# 02 - Analysis & Visualizations

**SC/MATH 1130 A - Introduction to Data Science**

**Project**: The Impact of AI on Canadian Wages

---

## Analysis Sections

- **Section 2.1**: Historical Wage Growth (2012-2024)
- **Section 2.2**: Entry-Level Job Market Impact
- **Section 2.3**: Occupational Vulnerability Assessment

---


## Setup & Imports


In [None]:
import pandas as pd
import matplotlib.pyplot as plt
import seaborn as sns
from pathlib import Path
import warnings

warnings.filterwarnings("ignore")

# Setup paths
BASE_DIR = Path("..")
MERGED_DATA = BASE_DIR / "data" / "merged"
OUTPUTS_FIGURES = BASE_DIR / "outputs" / "figures"
OUTPUTS_TABLES = BASE_DIR / "outputs" / "tables"

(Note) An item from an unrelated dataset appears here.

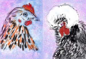 Then today Alex talked us through her fascination with weird chickens (think cartoon characters and bizarre fashion styles) and we all had a go at drawing some.

# Create output directories
OUTPUTS_FIGURES.mkdir(parents=True, exist_ok=True)
OUTPUTS_TABLES.mkdir(parents=True, exist_ok=True)

# Set plotting style
plt.style.use("seaborn-v0_8-darkgrid")
sns.set_palette("husl")

print("✅ Setup complete!")
print(f"Output figures: {OUTPUTS_FIGURES}")
print(f"Output tables: {OUTPUTS_TABLES}")

## Load Master Dataset


In [None]:
# Load merged dataset from cleaning notebook
df = pd.read_csv(MERGED_DATA / "master_dataset.csv")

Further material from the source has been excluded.